Non-ROS Threads#
The thread configurator can also manage scheduling for threads that are not part of any ROS 2 executor — for example, sensor driver threads or custom worker threads.
Each non-ROS thread reports its TID and a logical name to the configurator daemon, which then applies the scheduling parameters defined in the YAML configuration. Clients are available for both C++ and Rust.
C++#
Use agnocast_cie_thread_configurator::spawn_non_ros2_thread instead of std::thread to create the thread. This function automatically reports the thread's ID to the configurator so that scheduling parameters can be applied.
#include "agnocast_cie_thread_configurator/cie_thread_configurator.hpp"
// Instead of:
// std::thread t(my_worker_function, arg1, arg2);
// Use:
std::thread t = agnocast_cie_thread_configurator::spawn_non_ros2_thread(
"my_worker", // unique thread name (must match YAML config)
my_worker_function,
arg1, arg2);
The thread_name must be unique among all threads managed by the configurator, and must match the name field in the YAML configuration.
CMake#
Add agnocast_cie_thread_configurator as a dependency:
find_package(agnocast_cie_thread_configurator REQUIRED)
ament_target_dependencies(your_target agnocast_cie_thread_configurator)
Rust#
A pure-Rust client crate (agnocast_cie_thread_configurator_client) implements the same protocol for Rust programs. It exposes two entry points:
spawn_non_ros2_thread(thread_name, closure)— spawns a thread that reports itself to the configurator, then runs the closure; returns itsJoinHandle<T>. This is the Rust counterpart of the C++ function.report_current_thread(thread_name)— reports the calling thread. Use this for threads that are not created viaspawn_non_ros2_thread, such as themainthread.
use agnocast_cie_thread_configurator_client::{report_current_thread, spawn_non_ros2_thread};
fn main() {
// Report a thread created outside spawn_non_ros2_thread (e.g. main).
report_current_thread("main_thread");
// Spawn a managed worker thread.
let handle = spawn_non_ros2_thread("my_worker", || {
// worker body
});
handle.join().unwrap();
}
As with C++, thread_name must be unique among all threads managed by the configurator, and must match the name field in the YAML configuration.
Cargo#
The crate lives in the Agnocast repository under src/agnocast_cie_thread_configurator/rust/ and is built standalone with Cargo (it has no package.xml, so colcon ignores it). Add it as a Git dependency:
[dependencies]
agnocast_cie_thread_configurator_client = { git = "https://github.com/autowarefoundation/agnocast.git" }
The crate is dependency-light (only libc and log) and links against neither Agnocast, ROS 2, nor DDS, so it can be statically linked — for example against x86_64-unknown-linux-musl.
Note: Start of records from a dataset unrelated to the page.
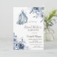 Elégante robe bleue chic, roses bleus sur un arrière - plan blanc.
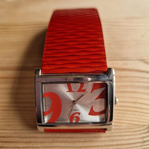 Unisex klokke med kvartsurverk, vannresistent design og stålbånd. Klokken har en urskive med tydelige tall og en roterende bezel. Diameter på urkassen er omtrent 30,5 mm.
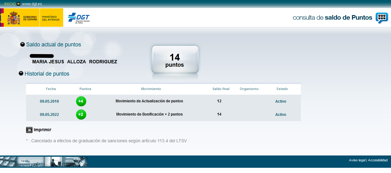 - Accedemos a la web de la DGT para verificar el funcionamiento de nuestro certificado digital accediendo a nuestro historial de puntos.
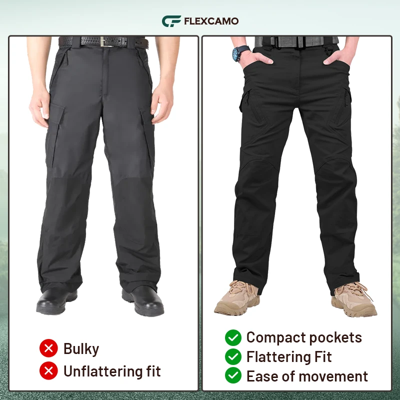 Unlike traditional tactical pants that feel rigid, FlexCamo is designed for freedom of movement. The flexible waistband and ergonomic knee design allow you to bend, crouch, and climb without restriction.

Reporting is best-effort: if the configurator daemon is not running, the failure is logged through the log crate and the thread runs normally.
Toggling Agnocast on and off#
The crate performs no gating of its own — it always reports when called, and whether to call it at all is decided entirely on the consumer side. The recommended pattern is to make it an optional dependency behind a Cargo feature that is off by default, so the program can be built either with or without Agnocast (for example, to ship a statically-linked binary in an environment where Agnocast is not installed):
[dependencies]
agnocast_cie_thread_configurator_client = { git = "https://github.com/autowarefoundation/agnocast.git", optional = true }
[features]
default = []
agnocast = ["dep:agnocast_cie_thread_configurator_client"]
Gate the calls on that feature so they compile out completely when it is disabled:
#[cfg(feature = "agnocast")]
use agnocast_cie_thread_configurator_client::report_current_thread;
fn main() {
#[cfg(feature = "agnocast")]
report_current_thread("main_thread");
// ... rest of the program runs identically with or without the feature ...
}
Build with Agnocast off (default) or on:
cargo build # Agnocast off: crate is not compiled in
cargo build --features agnocast # Agnocast on: threads are reported
When the feature is off, the crate is neither compiled nor linked. When it is on, reporting still degrades gracefully if the configurator daemon is absent (see above).
YAML Configuration#
Configure non-ROS threads under the non_ros_threads section:
non_ros_threads:
- name: my_worker
policy: SCHED_FIFO
priority: 85
affinity: [3]
The fields are the same as callback_groups except name is used instead of id. All scheduling policies including SCHED_DEADLINE are supported. See the YAML Specification for details.
Prerun Mode#
Non-ROS threads are also discovered by the prerun mode and included in the generated template.yaml.